[[ The records, beginning ]]

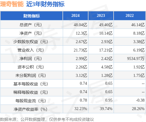 从目前公布的财报来看,理奇智能2024年总资产为48.04亿元,净资产为12.3亿元;近3年净利润分别为2.99亿元(2024年),2.42亿元(2023年),9534.97万元(2022年)。详情见下表:
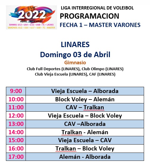 Este domingo 3 de abril juega en Linares Voleibol CDA para la Liga interregional de Master Varones. ¡Les deseamos un buen viaje y mucho éxito!
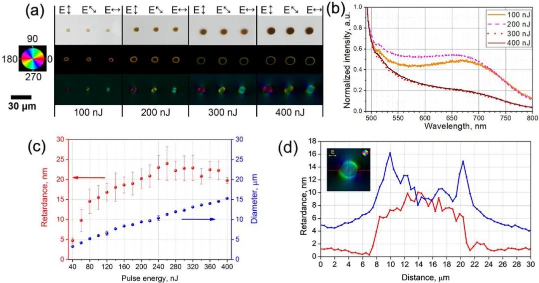 本研究重點(diǎn)分析了激光書(shū)寫(xiě)微疇的內(nèi)部結(jié)構(gòu),首次揭示了它們的偏振敏感光學(xué)特性。
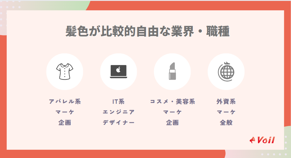 クライアントと直接会う業務が少なかったり、お洒落な服装で働ける職種だと、髪色に寛容な会社が多いからです。
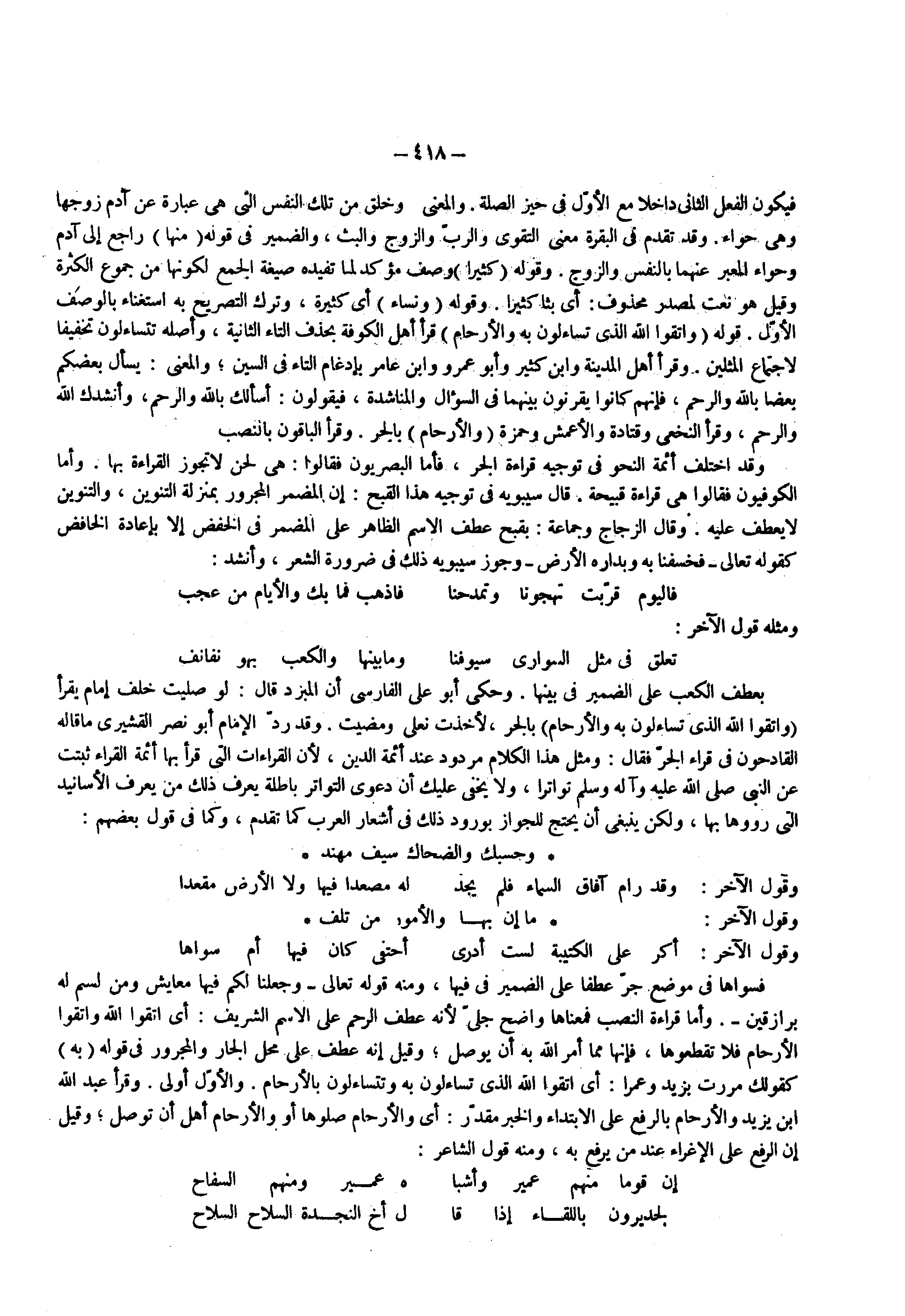 بعطف الكعب على الضمير في بينها وحكى أبو علي الفارسي إن المبرد قال لو صليت خلف إمام يقرا ( واتقوا الله الذي تساءلون به والأرحام ) بالجر لأخذت نعلى ومضيت وقد رد الإمام أبو نصر القشيرى ما قاله القادحون في قراء الجر فقال ومثل هذا الكلام مردود عند أئمة الدين لأن القراءات التي قرأ بها أئمة القراء ثبتت عن النبي ( صلى الله عليه وسلم ) تواترا ولا يخفي عليك إن دعوى التواتر باطلة يعرف ذلك من يعرف الأسانيد التي رووها بها ولكن ينبغي إن يحتج للجواز بورود ذلك في اشعار العرب كما تقدم وكما في قول بعضهم وحسبك والضحاك سيف مهند

[[ The records, end ]]

### Exercise aim
When you reach a picture, pass over it; write out all other material exactly.

### Answer to this problem
 从目前公布的财报来看,理奇智能2024年总资产为48.04亿元,净资产为12.3亿元;近3年净利润分别为2.99亿元(2024年),2.42亿元(2023年),9534.97万元(2022年)。详情见下表:
 Este domingo 3 de abril juega en Linares Voleibol CDA para la Liga interregional de Master Varones. ¡Les deseamos un buen viaje y mucho éxito!
 本研究重點(diǎn)分析了激光書(shū)寫(xiě)微疇的內(nèi)部結(jié)構(gòu),首次揭示了它們的偏振敏感光學(xué)特性。
 クライアントと直接会う業務が少なかったり、お洒落な服装で働ける職種だと、髪色に寛容な会社が多いからです。
 بعطف الكعب على الضمير في بينها وحكى أبو علي الفارسي إن المبرد قال لو صليت خلف إمام يقرا ( واتقوا الله الذي تساءلون به والأرحام ) بالجر لأخذت نعلى ومضيت وقد رد الإمام أبو نصر القشيرى ما قاله القادحون في قراء الجر فقال ومثل هذا الكلام مردود عند أئمة الدين لأن القراءات التي قرأ بها أئمة القراء ثبتت عن النبي ( صلى الله عليه وسلم ) تواترا ولا يخفي عليك إن دعوى التواتر باطلة يعرف ذلك من يعرف الأسانيد التي رووها بها ولكن ينبغي إن يحتج للجواز بورود ذلك في اشعار العرب كما تقدم وكما في قول بعضهم وحسبك والضحاك سيف مهند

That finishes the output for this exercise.